REIT Develops Peak Sites;
Its Tenants Fight the Virus
Healthcare real estate owner-developer Healthpeak Properties Inc. (NYSE: PEAK) is right in the middle of the coronavirus pandemic. With part of its focus on premium properties, it might be more ready than most to weather it.
Its tenants are “at the forefront in the battle against COVID-19, from vaccine research and development, to donation of supplies,” Healthpeak said.
The REIT implemented internal changes to mitigate financial impact and support work combatting the coronavirus and, in a March 24 update to investors, outlined those. It’s providing vacant space to hospitals and tenants to use for screening and isolation, while parking lots are being used for drive-thru testing, for instance.
“Longer term, we believe this pandemic will highlight the positive societal impact of the work being done by biotech companies, which will also benefit the industry.”
The company counts $20 billion in managed assets, totaling about 665 buildings in 40 states across three sectors: senior housing, medical office and life science.

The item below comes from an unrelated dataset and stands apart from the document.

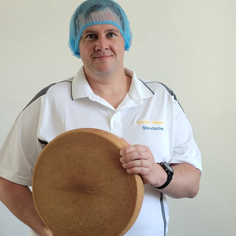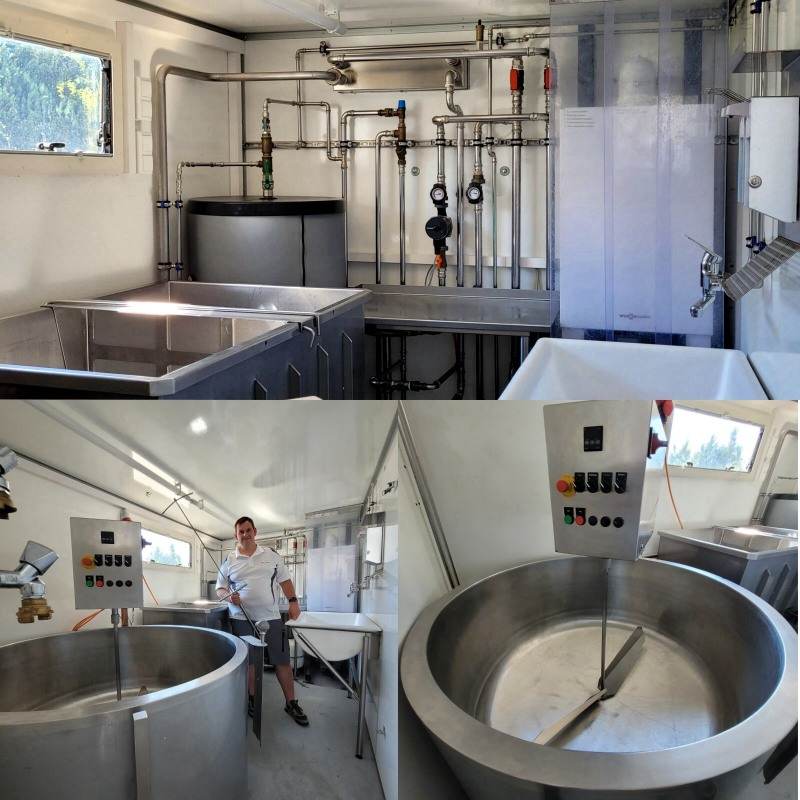 Der Traum des erfahrenen Molkereifachmanns Michael Staudacher war es lange, aus Heumilch besten Rohmilch-Bergkäse mit langer Reifezeit herzustellen. Nun hat er den Mut gefasst, diese Vision in die Tat umzusetzen, und sich über die erforderliche Investition getraut. Er gründete eine mobile Käserei, ausgestattet mit einem Spezialanhänger, der alle notwendigen Gerätschaften enthält.

Seven communities in its portfolio had confirmed COVID-19 cases as of late last month.
In each, “rigorous quarantine and isolation procedures have been implemented in close cooperation with local and state health authorities,” the company said in the update.

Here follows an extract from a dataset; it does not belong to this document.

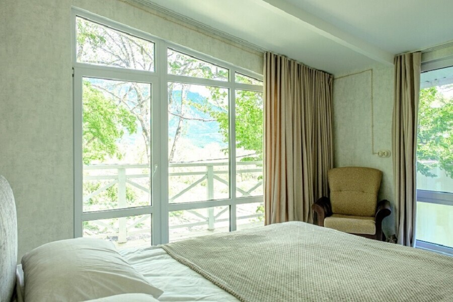 Конфигурация : Двухкомнатный домик с панорамным окном в спальне и выходом на просторную террасу в гущу дубового леса или на балкон с видом на гору Демерджи. Спальня оснащена двуспальной кроватью 160х200 см, креслом, прикроватной тумбой и столиком с выдвижными ящиками. Во второй комнате - двуспальная кровать 140х200, окно в видом на дубовый лес, столик, диван и телевизор 52 дюйма. В номере большой шкаф с зеркалом в полный рост. Ванная комната оснащена душем. Фен в каждом номере. Махровые халаты.

On the office and life science side, Healthpeak has been buying or building A-level product in key biotech markets including Boston and San Diego.
Corporately, it shifted to remote work March 16, and the company’s offices, including its Irvine headquarters, “are fully operational, virtually connected and well-positioned for business continuity throughout the COVID-19 crisis.”
Its shares have fallen 40% since mid-February to a $12 billion market cap.
—Katie Murar
Cash-Rich Sunstone Had Early Impact from Virus
With the hotel market approaching a peak in property valuations of late, Sunstone Hotel Investors Inc. (NYSE: SHO) had already turned to selling over buying. The Business Journal reported in November that since 2017 the hotel REIT had slimmed from 30 properties to 20 and from 14,300 rooms to 10,600.
Late last year, it sold an LAX-area hotel and shed its last two OC properties in 2017 and 2018. Its last acquisition was in Key West three years ago. As a result, it was sitting on roughly $700 million in cash, not to mention a fully loaded $500 million credit line.
Then things got just plain rough.
Sunstone was among the first hotel companies to begin reporting on the coronavirus pandemic’s effects, noting in a mid-February earnings report it had already seen $1 million worth of group business cancellations; by March 5 that had climbed to $11 million and Sunstone withdrew full-year earnings guidance.
Hotels nationwide are closing amid what’s essentially a travel moratorium, though the industry is growing agile in its response (see related story, page 3).
Sunstone shares are down 35% since markets began to drop in mid-February, to about a $1.9 billion market cap.